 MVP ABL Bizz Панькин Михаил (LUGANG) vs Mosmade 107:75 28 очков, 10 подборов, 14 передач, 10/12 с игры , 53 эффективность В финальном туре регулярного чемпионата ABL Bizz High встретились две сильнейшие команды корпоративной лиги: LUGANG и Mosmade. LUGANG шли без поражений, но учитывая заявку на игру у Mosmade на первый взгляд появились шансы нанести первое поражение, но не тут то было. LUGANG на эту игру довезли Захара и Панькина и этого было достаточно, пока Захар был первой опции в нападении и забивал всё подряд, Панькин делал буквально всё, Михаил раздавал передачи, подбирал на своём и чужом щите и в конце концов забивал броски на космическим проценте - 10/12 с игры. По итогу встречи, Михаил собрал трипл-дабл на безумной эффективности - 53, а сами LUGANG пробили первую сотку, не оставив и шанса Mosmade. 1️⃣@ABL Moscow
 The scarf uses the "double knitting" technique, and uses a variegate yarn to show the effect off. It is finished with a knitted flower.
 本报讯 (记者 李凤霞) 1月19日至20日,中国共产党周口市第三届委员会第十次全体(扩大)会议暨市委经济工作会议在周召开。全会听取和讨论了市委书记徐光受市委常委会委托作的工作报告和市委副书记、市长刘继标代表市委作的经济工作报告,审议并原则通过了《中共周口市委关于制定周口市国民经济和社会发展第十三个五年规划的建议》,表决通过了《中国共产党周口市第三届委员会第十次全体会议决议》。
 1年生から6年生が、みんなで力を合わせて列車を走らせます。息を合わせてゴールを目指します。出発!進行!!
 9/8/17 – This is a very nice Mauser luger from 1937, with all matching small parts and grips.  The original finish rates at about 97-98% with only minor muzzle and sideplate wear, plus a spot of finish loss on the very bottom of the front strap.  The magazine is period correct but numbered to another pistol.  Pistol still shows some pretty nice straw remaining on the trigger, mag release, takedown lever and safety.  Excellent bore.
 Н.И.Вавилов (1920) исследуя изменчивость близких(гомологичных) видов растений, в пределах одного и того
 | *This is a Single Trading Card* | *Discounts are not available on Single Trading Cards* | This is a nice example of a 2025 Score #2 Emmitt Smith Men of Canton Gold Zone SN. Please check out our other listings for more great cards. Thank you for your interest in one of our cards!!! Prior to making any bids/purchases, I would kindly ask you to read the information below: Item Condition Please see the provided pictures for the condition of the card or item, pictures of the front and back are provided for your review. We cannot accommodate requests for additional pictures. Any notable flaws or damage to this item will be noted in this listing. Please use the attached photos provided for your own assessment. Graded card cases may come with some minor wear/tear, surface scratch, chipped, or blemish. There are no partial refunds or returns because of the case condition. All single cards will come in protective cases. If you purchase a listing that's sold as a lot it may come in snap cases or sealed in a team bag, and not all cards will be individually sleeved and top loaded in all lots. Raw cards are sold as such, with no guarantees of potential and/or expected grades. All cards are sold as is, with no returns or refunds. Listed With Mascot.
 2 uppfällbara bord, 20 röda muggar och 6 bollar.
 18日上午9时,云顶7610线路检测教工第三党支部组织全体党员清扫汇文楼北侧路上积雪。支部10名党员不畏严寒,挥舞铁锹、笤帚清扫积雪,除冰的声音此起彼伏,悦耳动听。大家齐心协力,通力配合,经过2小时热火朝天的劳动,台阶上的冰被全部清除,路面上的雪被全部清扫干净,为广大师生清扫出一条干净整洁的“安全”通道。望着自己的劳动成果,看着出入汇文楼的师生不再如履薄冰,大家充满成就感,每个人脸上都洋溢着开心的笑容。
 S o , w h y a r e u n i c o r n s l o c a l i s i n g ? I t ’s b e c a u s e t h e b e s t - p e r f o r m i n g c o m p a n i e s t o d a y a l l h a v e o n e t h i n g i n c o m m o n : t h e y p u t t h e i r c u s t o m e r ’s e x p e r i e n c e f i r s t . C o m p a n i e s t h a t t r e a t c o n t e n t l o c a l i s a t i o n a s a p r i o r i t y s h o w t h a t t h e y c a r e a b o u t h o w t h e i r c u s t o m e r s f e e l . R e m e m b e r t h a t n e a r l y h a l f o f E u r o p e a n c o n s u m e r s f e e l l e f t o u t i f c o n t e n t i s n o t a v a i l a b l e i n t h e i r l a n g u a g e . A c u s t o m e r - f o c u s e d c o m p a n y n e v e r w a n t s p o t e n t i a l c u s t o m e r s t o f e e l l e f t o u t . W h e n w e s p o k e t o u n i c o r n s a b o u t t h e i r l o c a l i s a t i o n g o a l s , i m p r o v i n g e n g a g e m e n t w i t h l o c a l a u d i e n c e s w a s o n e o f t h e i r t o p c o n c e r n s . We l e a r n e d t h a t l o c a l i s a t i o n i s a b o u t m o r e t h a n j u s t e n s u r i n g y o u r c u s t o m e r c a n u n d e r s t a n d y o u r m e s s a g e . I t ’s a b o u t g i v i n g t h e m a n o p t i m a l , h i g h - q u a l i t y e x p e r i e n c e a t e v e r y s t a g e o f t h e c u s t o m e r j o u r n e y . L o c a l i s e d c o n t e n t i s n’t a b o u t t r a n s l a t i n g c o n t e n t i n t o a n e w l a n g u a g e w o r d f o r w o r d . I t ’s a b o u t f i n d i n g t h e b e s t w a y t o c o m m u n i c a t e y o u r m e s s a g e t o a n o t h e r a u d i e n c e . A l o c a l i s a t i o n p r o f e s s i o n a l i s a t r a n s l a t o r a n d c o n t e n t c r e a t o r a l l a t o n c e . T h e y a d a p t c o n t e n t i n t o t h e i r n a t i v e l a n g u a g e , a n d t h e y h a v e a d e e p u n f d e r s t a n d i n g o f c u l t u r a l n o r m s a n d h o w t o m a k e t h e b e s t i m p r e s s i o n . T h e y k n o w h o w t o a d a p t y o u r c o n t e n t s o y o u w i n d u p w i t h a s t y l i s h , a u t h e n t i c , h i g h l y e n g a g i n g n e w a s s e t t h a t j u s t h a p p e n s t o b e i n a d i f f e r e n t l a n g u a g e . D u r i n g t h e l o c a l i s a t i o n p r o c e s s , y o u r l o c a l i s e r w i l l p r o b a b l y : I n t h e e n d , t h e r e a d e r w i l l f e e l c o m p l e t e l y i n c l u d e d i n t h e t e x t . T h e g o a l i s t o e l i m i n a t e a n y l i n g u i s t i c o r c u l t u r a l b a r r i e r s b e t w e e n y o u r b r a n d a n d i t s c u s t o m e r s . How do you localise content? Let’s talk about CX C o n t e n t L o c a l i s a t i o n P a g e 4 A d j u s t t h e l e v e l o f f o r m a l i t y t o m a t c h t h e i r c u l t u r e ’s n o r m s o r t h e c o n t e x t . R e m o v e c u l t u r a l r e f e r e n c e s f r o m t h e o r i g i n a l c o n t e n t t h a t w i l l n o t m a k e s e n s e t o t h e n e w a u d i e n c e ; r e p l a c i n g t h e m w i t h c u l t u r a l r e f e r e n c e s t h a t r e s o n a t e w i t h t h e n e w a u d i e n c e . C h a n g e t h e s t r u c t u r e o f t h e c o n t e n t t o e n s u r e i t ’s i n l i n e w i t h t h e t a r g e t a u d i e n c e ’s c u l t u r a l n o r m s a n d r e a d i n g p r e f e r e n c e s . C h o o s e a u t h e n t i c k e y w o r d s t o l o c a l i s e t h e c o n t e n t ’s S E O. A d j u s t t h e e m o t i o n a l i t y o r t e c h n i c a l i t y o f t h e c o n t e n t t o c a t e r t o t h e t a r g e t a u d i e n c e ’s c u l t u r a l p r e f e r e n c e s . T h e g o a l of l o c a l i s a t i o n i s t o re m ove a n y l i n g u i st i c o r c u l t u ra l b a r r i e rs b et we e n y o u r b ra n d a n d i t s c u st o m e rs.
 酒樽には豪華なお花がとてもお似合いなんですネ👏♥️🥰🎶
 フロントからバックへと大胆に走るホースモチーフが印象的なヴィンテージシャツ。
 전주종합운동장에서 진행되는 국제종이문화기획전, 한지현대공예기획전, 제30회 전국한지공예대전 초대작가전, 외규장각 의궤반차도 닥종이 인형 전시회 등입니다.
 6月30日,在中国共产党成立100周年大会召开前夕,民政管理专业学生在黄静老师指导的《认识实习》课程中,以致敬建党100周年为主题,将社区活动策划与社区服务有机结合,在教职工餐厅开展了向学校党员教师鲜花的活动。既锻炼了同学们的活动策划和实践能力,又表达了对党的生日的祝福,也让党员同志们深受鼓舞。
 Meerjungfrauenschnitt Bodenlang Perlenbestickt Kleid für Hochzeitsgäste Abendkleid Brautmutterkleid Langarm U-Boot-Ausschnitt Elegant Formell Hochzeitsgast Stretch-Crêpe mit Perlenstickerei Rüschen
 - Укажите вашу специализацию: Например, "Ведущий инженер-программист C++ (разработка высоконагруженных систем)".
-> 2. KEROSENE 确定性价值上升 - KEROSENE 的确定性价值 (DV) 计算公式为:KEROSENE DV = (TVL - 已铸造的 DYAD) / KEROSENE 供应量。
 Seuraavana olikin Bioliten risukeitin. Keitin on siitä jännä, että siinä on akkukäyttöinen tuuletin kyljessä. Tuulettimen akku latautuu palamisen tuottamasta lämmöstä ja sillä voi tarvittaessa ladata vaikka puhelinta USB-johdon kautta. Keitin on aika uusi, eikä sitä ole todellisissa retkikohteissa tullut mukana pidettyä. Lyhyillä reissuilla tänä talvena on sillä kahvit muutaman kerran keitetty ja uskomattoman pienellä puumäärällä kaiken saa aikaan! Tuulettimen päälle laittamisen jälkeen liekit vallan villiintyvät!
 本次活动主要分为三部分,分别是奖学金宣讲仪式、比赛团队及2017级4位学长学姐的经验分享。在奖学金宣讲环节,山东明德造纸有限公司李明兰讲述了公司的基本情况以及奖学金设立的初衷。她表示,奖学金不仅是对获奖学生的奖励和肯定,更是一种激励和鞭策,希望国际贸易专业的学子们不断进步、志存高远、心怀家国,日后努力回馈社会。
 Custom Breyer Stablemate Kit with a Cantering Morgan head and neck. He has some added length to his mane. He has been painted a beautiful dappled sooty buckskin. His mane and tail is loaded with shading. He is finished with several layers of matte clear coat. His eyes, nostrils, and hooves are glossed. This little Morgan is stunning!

# # # #

#### [TASK DESCRIPTION]
Starting at the first line of the records above, please copy every line exactly through the line containing "The scarf uses", and stop there.

#### [RESPONSE AREA]
 MVP ABL Bizz Панькин Михаил (LUGANG) vs Mosmade 107:75 28 очков, 10 подборов, 14 передач, 10/12 с игры , 53 эффективность В финальном туре регулярного чемпионата ABL Bizz High встретились две сильнейшие команды корпоративной лиги: LUGANG и Mosmade. LUGANG шли без поражений, но учитывая заявку на игру у Mosmade на первый взгляд появились шансы нанести первое поражение, но не тут то было. LUGANG на эту игру довезли Захара и Панькина и этого было достаточно, пока Захар был первой опции в нападении и забивал всё подряд, Панькин делал буквально всё, Михаил раздавал передачи, подбирал на своём и чужом щите и в конце концов забивал броски на космическим проценте - 10/12 с игры. По итогу встречи, Михаил собрал трипл-дабл на безумной эффективности - 53, а сами LUGANG пробили первую сотку, не оставив и шанса Mosmade. 1️⃣@ABL Moscow
 The scarf uses the "double knitting" technique, and uses a variegate yarn to show the effect off. It is finished with a knitted flower.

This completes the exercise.